3 minute read
GRACE WARREN-PAGE
from 2021 Anthology and Catalogue: Select Works by 2021 YoungArts Honorable Mention and Merit Winners
by YoungArts
Creative Nonfiction | South Carolina Governor's School for the Arts and Humanities, Greenville, SC
Katie and Kenny Leave for Miami on Their Wedding Night, 1969: A Photograph
1. They sit in a car with velvet red interior, slouching in the backseat like teenagers, so close together their shoulders overlap, Illinois stars overhead.
2. My grandmother’s name is Katie and she marries a man named Kenny. They meet in a mall in Illinois.
3. He works at a piano shop.
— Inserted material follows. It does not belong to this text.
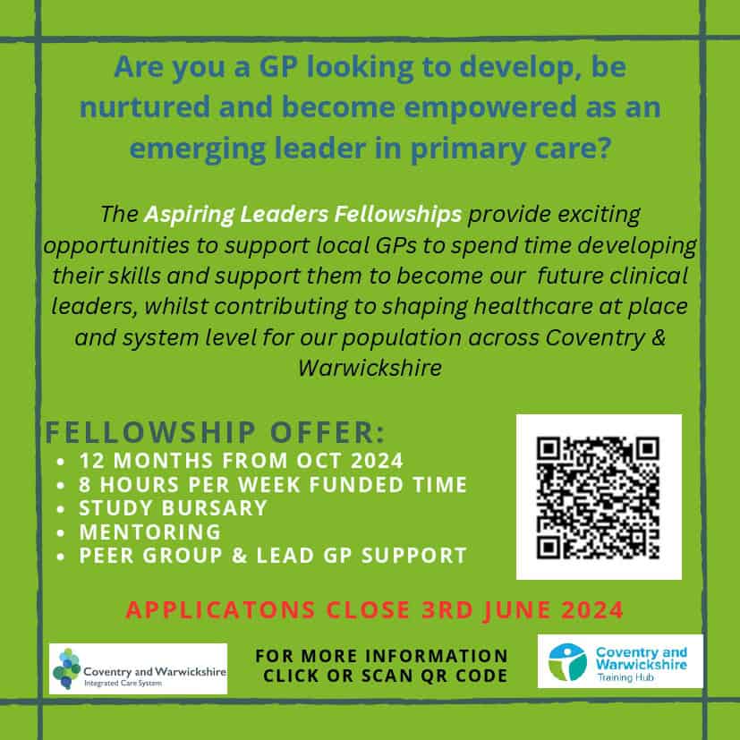 Coventry & Warwickshire Training Hub have hosted the (NHS Midlands) Primary Care Trailblazer Fellowships since 2020. Eligible practices are now invited to apply for one of three fellowship places on offer for 2024/25. Please click here for details of the fellowship and how to apply.

She works at the Belks next door.
4. They fall in love and marry in the spring of 1969.
5. The window of the car is cracked just enough for a camera to capture their smiles, the velvet, their silky black hair, Kenny’s suit, Katie’s dress, everything highlighted by the bright flash.
6. You can see the twinkle in their eyes.
7. Right before they slide into the back of the car, they wrap a piece of vanilla cake in plastic wrap, trying not to destroy the flower fondant and white buttercream icing.
8. She probably has cake under her nails.
9. I wonder if she is uncomfortable when her friends and family watch Kenny lick the cake off her fingers in the middle of the church.
10. I would be uncomfortable.
11. My grandmother’s hair is long and black and thick, frizzy from the humidity and lace wedding dress; Kenny’s moptop has grown since the engagement but his goatee is groomed.
12. Kenny’s hand is frozen in mid-wave, saying goodbye to everything he knew, leaving for Miami to become a singer at the Holiday Inn, to become a star.
13. Katie doesn’t wave goodbye. She just smiles. She doesn’t look afraid to leave.
14. (I would be afraid to leave everything behind, to get into a car and leave my hometown and my sisters and the little church on the top of the hill and my father’s homemade peach ice cream.)
15. But she knows in Miami she will dance on the ballroom carpet until she slips off her favorite black heels and ties her hair up, watches Kenny sing every night in the HUNTERS LOUNGE, Tuesday through Saturday, 9 PM till 1 AM.
16. Every night, a cigarette balances between her two fingers (the wives of the jazz singers always smoke). She likes the way the smoke leaves her mouth and fills the room while she dances barefoot and sings along to The Beatles, Bob Dylan, and Elvis.
17. Her smile is perfect.
18. Kenny dies a couple years after the wedding.
19. In the car she isn’t prepared for death.
20. She is thinking about Kenny and leaving the Illinois stars she has become so familiar with.
21. She never marries again. She quits smoking. She can’t taste another piece of vanilla cake.
22. I wonder if she ever watches the video tapes of him singing after the funeral. Maybe she hides them in a box in the attic. Maybe she shows her daughters. Of course they don’t remember him.
23. I find the picture, the newlyweds sitting in the red seats in the middle of the clear Illinois night, in a box tucked in the garage.
24. Kenny waves, his mouth is open, almost like he is saying “goodbye.” It is my favorite part of the picture because it seems alive and moving. I can hear the voice I never heard.
25. I imagine after the picture is taken, someone starts the car and drives them away to a cheap hotel room somewhere. Kenny probably sings, Katie probably points at different stars, gives them random, mysterious names.